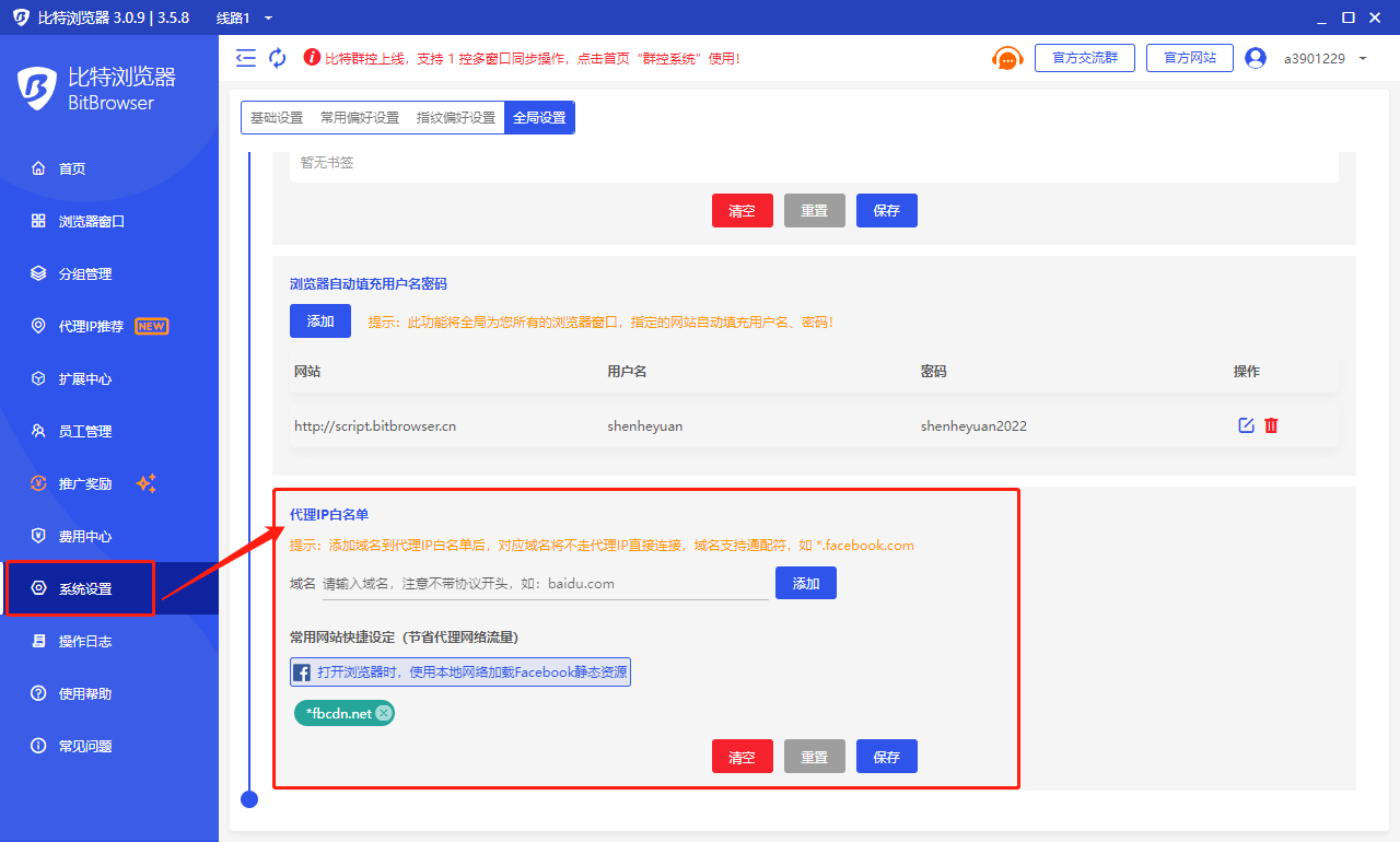 2. 系统设置新增浏览器代理白名单功能,可以针对如 Facebook 静态资源等设置域名白名单,直连不走代理,节省流量
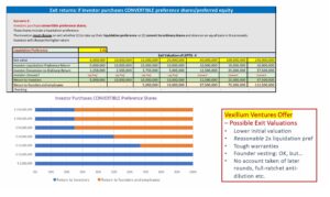 Below are worked examples of the exit valuations showing the returns that the investor will get based on their liquidation preferences, along with summary comments on each term sheet, written by David Gill. You can compare them with your own thoughts. Try not to look until you have made your own assessment.
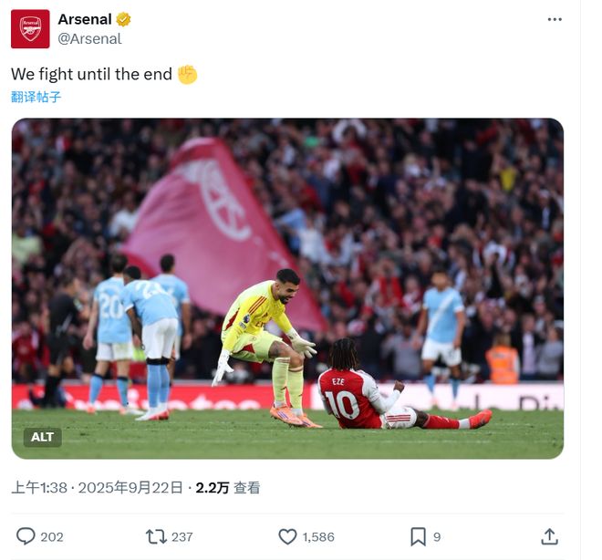 赛后阿森纳更新官推:“我们战斗到了最后一刻!”
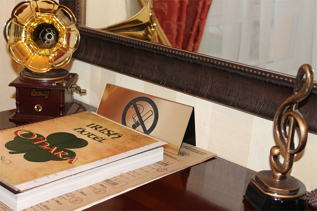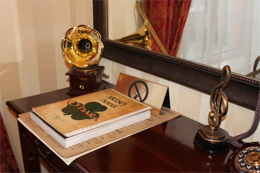 «Scarlett O’Hara» - номер назван в честь главной героини романа Маргарет Митчелл «Унесенные ветром». Она является олицетворением стойкости ирландского характера и идеалом красоты и ума ирландских женщин. Роман был написан в начале XX века. По книге был снят первый цветной полнометражный фильм. А актриса, Вивьен Ли, которая играла саму Скарлетт, получила Оскар. «Traditional Ireland» - номер назван в честь традиций и культуры Ирландии. Ирландия – это уют, семейные ценности. Традиции, которые берут свое начало в глубокой древности. Традиционная Ирландия - это потрясающая, здоровая и разнообразная кухня. А так же она ассоциируется с килтом, клюквой и волынкой. «Irish pubs» - Номер назван в честь традиционного паба. Ирландский паб – публичный дом для сбора населения и распития алкогольных напитков, с собственной пивоварней. Ирландский паб – это деревянный интерьер, отменное, свежее пиво и атмосфера настоящей Ирландии. «Nothern Ireland» - Номер назван в честь графства Объединенного Королевства Великобритании. Северная Ирландия – это часть Великобритании с конца 16 века. Столица – Белфаст. Хоть она и является захваченной частью Великобритании, все равно сохранила свои традиции, культуру и свободу духа. «Cranberries» - Номер назван в честь знаменитой ирландской рок-группы, переводится как клюква. Солистка Долорес О’Риордан знаменита своим потрясающим и запоминающимся вокалом. Эта группа прославилась в 90е годы. И их путь начался с хита «Zombie», который принес им огромное количество наград.Услуги и удобства
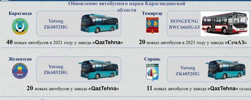 По сведениям управления пассажирского транспорта и автомобильных дорог, в 2021 году в Караганде на маршруты запустили 40 новых автобусов отечественного производства, в Темиртау – 20, в Жезказгане – 20, в Сарани – 11.
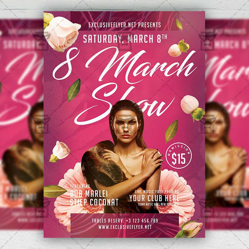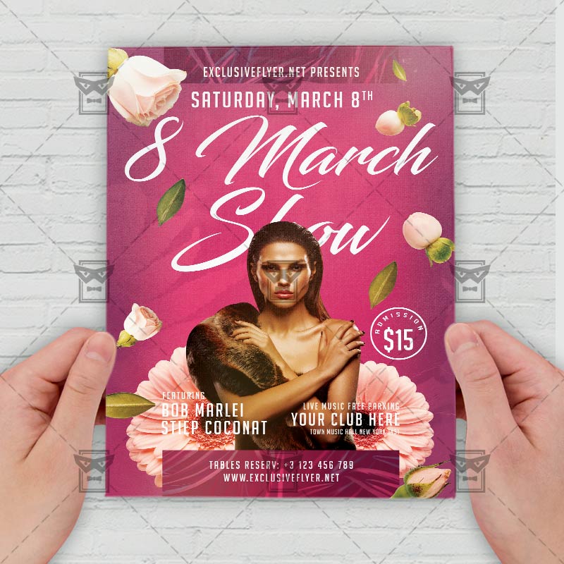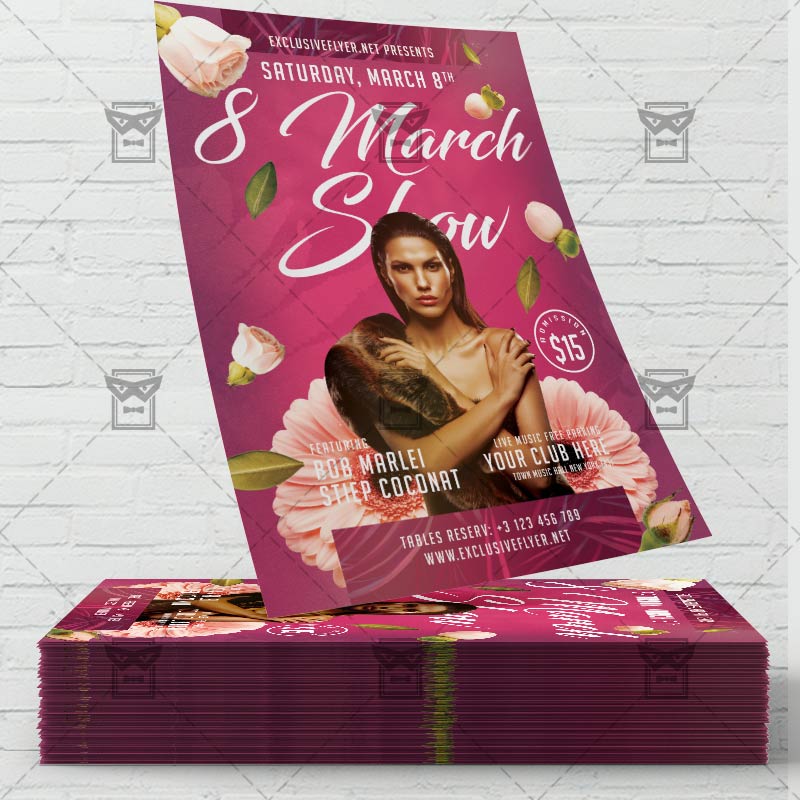 8 March Show Template an exclusive PSD flyer template for Adobe Photoshop designed by our best graphic designers to facilitate your task in promoting your business. This psd poster/flyer is the best choice for Women’s Day Party, Woman’s Day Celebration, Woman’s Day Celebration, 8 March Night or International Woman’s Day. With our readymade Game flyer in psd format you can invite you customers and guest to your event with a minimum of efforts and time.
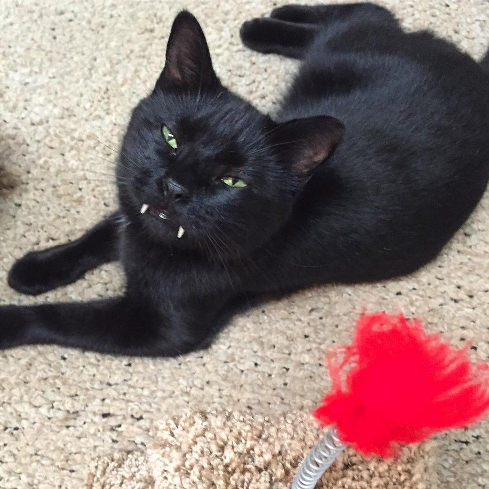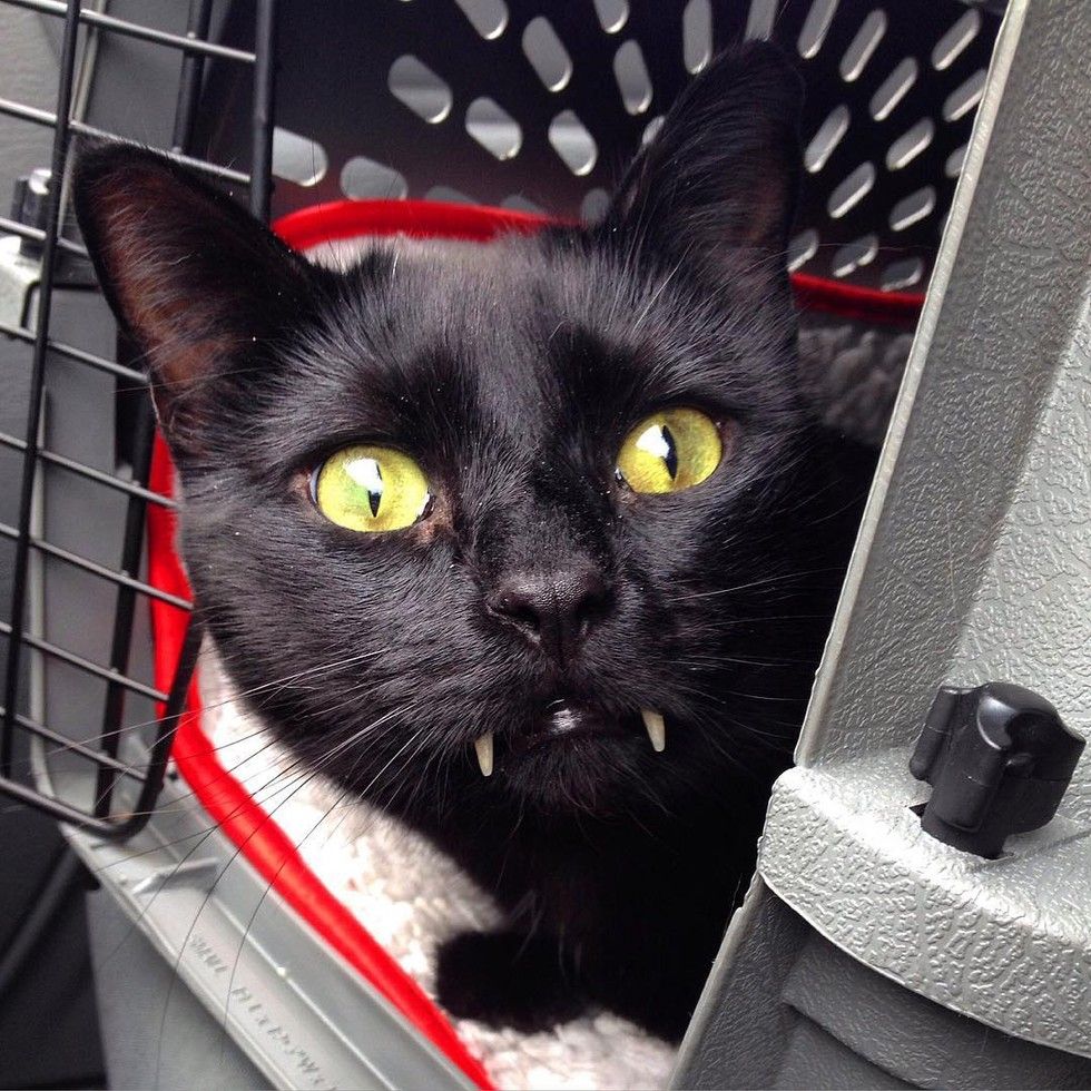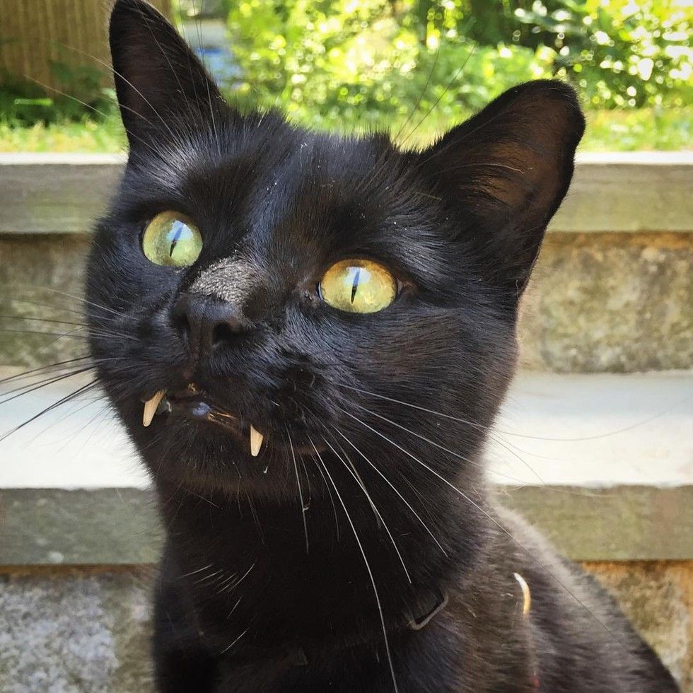 A kitty with vampurr fangs stole a woman's heart after she rescued him from the streets.

---

WHAT YOU WILL DO
Output each of the lines above exactly, apart from the images.

YOUR SOLUTION
 2. 系统设置新增浏览器代理白名单功能,可以针对如 Facebook 静态资源等设置域名白名单,直连不走代理,节省流量
 Below are worked examples of the exit valuations showing the returns that the investor will get based on their liquidation preferences, along with summary comments on each term sheet, written by David Gill. You can compare them with your own thoughts. Try not to look until you have made your own assessment.
 赛后阿森纳更新官推:“我们战斗到了最后一刻!”
 «Scarlett O’Hara» - номер назван в честь главной героини романа Маргарет Митчелл «Унесенные ветром». Она является олицетворением стойкости ирландского характера и идеалом красоты и ума ирландских женщин. Роман был написан в начале XX века. По книге был снят первый цветной полнометражный фильм. А актриса, Вивьен Ли, которая играла саму Скарлетт, получила Оскар. «Traditional Ireland» - номер назван в честь традиций и культуры Ирландии. Ирландия – это уют, семейные ценности. Традиции, которые берут свое начало в глубокой древности. Традиционная Ирландия - это потрясающая, здоровая и разнообразная кухня. А так же она ассоциируется с килтом, клюквой и волынкой. «Irish pubs» - Номер назван в честь традиционного паба. Ирландский паб – публичный дом для сбора населения и распития алкогольных напитков, с собственной пивоварней. Ирландский паб – это деревянный интерьер, отменное, свежее пиво и атмосфера настоящей Ирландии. «Nothern Ireland» - Номер назван в честь графства Объединенного Королевства Великобритании. Северная Ирландия – это часть Великобритании с конца 16 века. Столица – Белфаст. Хоть она и является захваченной частью Великобритании, все равно сохранила свои традиции, культуру и свободу духа. «Cranberries» - Номер назван в честь знаменитой ирландской рок-группы, переводится как клюква. Солистка Долорес О’Риордан знаменита своим потрясающим и запоминающимся вокалом. Эта группа прославилась в 90е годы. И их путь начался с хита «Zombie», который принес им огромное количество наград.Услуги и удобства
 По сведениям управления пассажирского транспорта и автомобильных дорог, в 2021 году в Караганде на маршруты запустили 40 новых автобусов отечественного производства, в Темиртау – 20, в Жезказгане – 20, в Сарани – 11.
 8 March Show Template an exclusive PSD flyer template for Adobe Photoshop designed by our best graphic designers to facilitate your task in promoting your business. This psd poster/flyer is the best choice for Women’s Day Party, Woman’s Day Celebration, Woman’s Day Celebration, 8 March Night or International Woman’s Day. With our readymade Game flyer in psd format you can invite you customers and guest to your event with a minimum of efforts and time.
 A kitty with vampurr fangs stole a woman's heart after she rescued him from the streets.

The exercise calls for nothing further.